Enquanto isso, poetas, músicos, pintores e escultores tentavam captar da melhor forma a essência daquele ser, que não fora questionado uma vez sequer sobre seu bem estar, talvez por isso, ela desfalecera aos poucos, impossibilitada de caminhar e sem água para se locomover, cada instante que passava a deixava mais e mais desidratada. Por mais que desejasse ser livre e independente das correntes marinhas, não o seria naquele ambiente que lhe era inóspito.


Texto baseado na música A Novidade d'Os Paralamas do Sucesso.

quarta-feira, 6 de janeiro de 2010

~ Querida Desconhecida

Existem alguns momentos na vida em que a realidade é tão dura que sonhar pode ser a única escapatória da loucura.
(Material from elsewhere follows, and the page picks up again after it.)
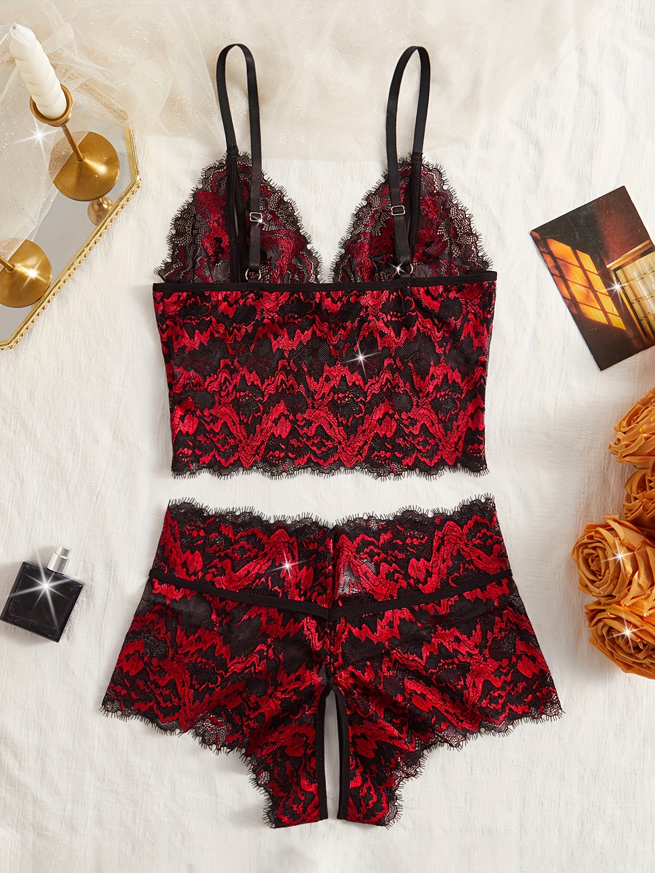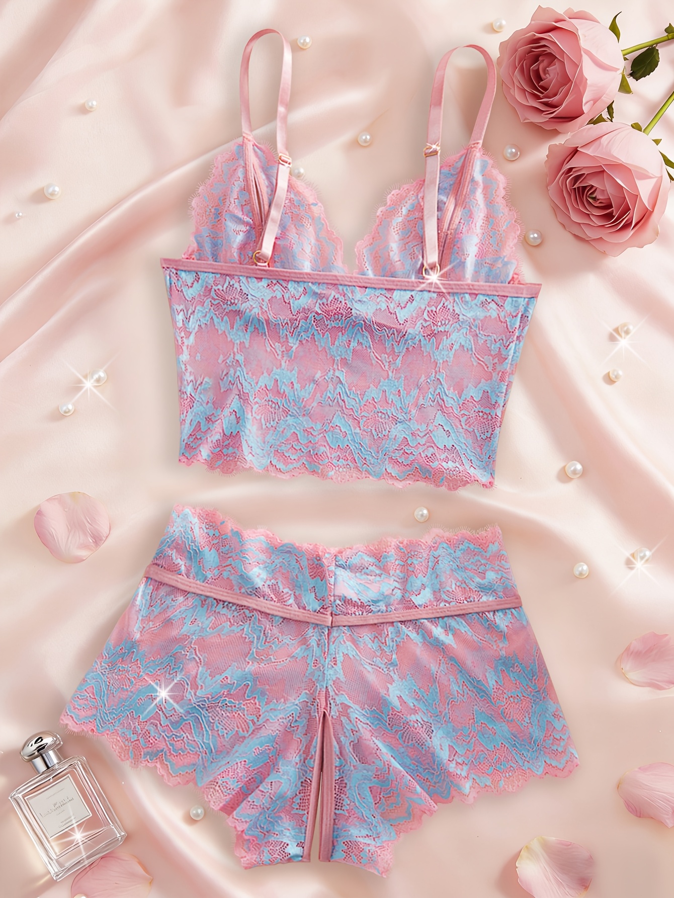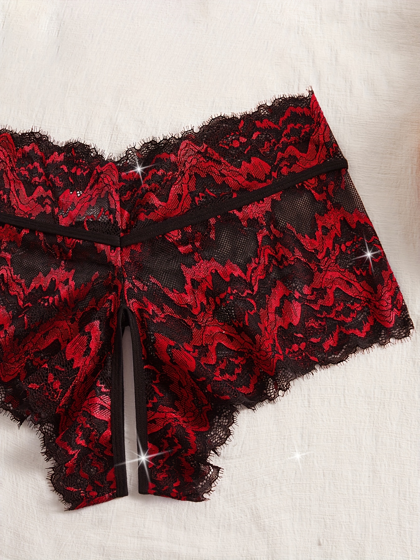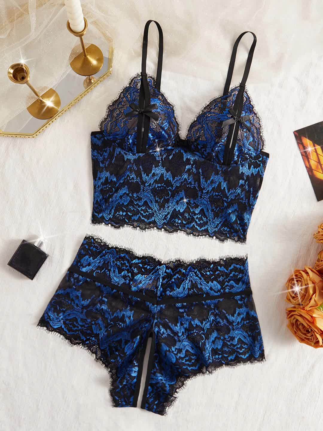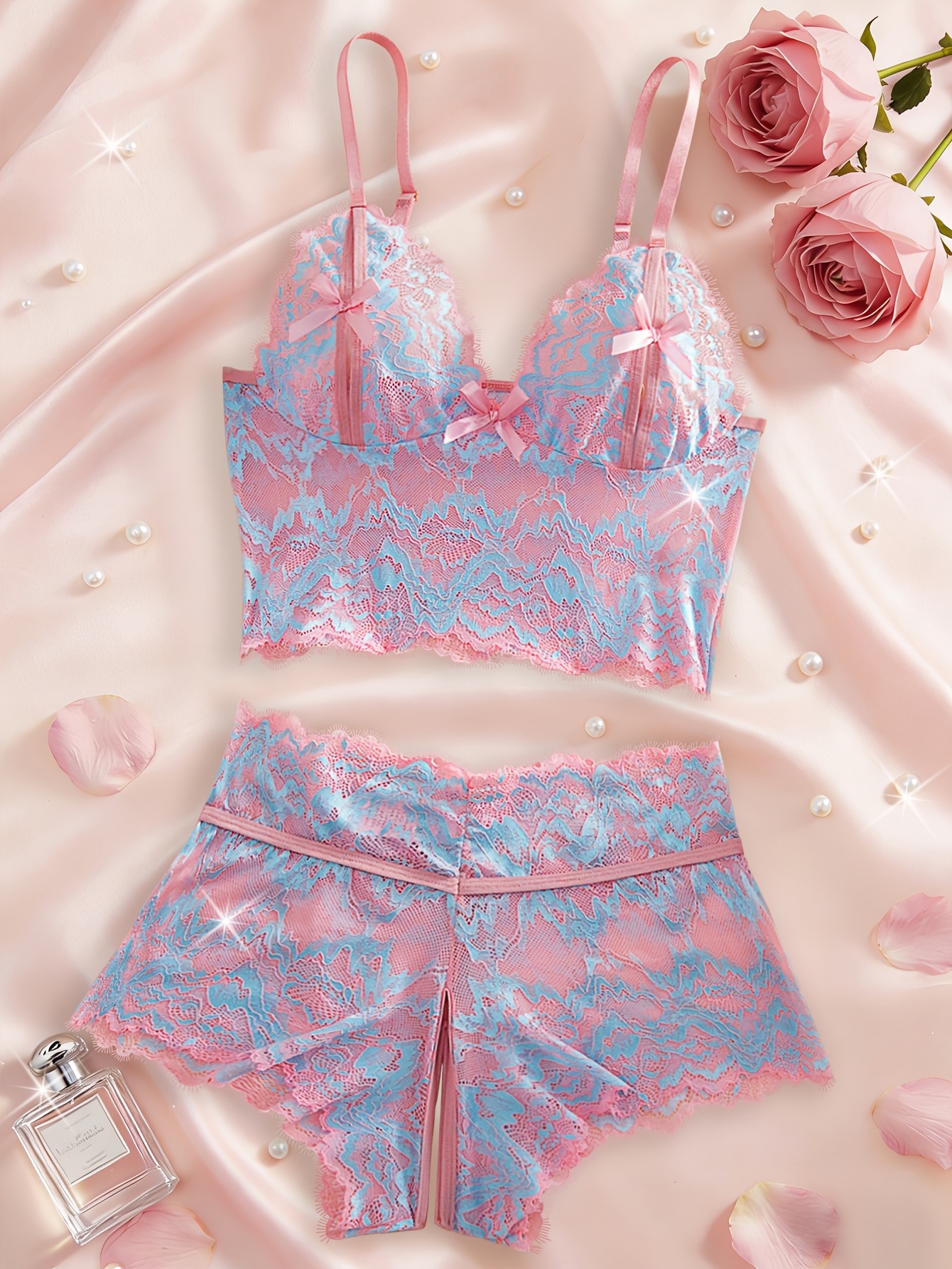 2pcs Color-Contrast Lace Pattern Sexy Lingerie Set | Hollow-out Bow Bra, Sexy Crotch-Opening Design Shorts, Women’S Charming Lingerie

Esse era um daqueles dias na vida da jovem, ela não era a mais bonita da turma nem a mais inteligente, mas tinha algo que a fazia ser querida por quase todos os da sua classe e ela se sentia feliz por isso. Sempre prestativa, fazia questão de ouvir os amigos nas horas de dificuldades e ajudá-los da forma que podia, e assim ela se tornou uma grande conhecedora daqueles que estavam lhe rodeando e até que ela era feliz assim, até aquele fatídico dia.

Ela sentia-se triste e consumida, nada que o passar dos dias pudesse resolver, mas até lá ela ficava imaginando situações que talvez nunca fosse viver. Distraída em seus próprios sonhos, foi atravessar a rua para pegar o caminho para casa, mas naquele dia, nunca chegou a pisar na outra calçada. Não fora culpa daquele prudente motorista, ela entrou com tudo na frente do carro, houve quem falasse em suicídio, mas ela nunca faria aquilo consigo, amava demais a vida.

Em poucos segundo havia dezenas de rostos conhecidos ou não em torno dela, e ela, que nunca fora o centro de todas as atenções, estava inconsciente de que agora o era. Não tardou para que os paramédicos chegassem, o sangue fora precariamente contido, mas não estancado, parte do asfalto estava vermelho e ela parecia mais pálida a cada instante. Quando os homens de branco a imobilizaram, viraram para os mais próximos, os que pareciam mais aflitos, aqueles que pareciam ser seus amigos.

- Sabem o tipo sanguíneo da garota? Ou se tem alguma alergia? Perguntou aquele que parecia ser o chefe dos paramédicos.

O grupo que observava encarou uns aos outros esperando por uma resposta que nunca veio. Mesmo depois de tanto tempo de convívio, deram-se conta que nada sabiam sobre ela.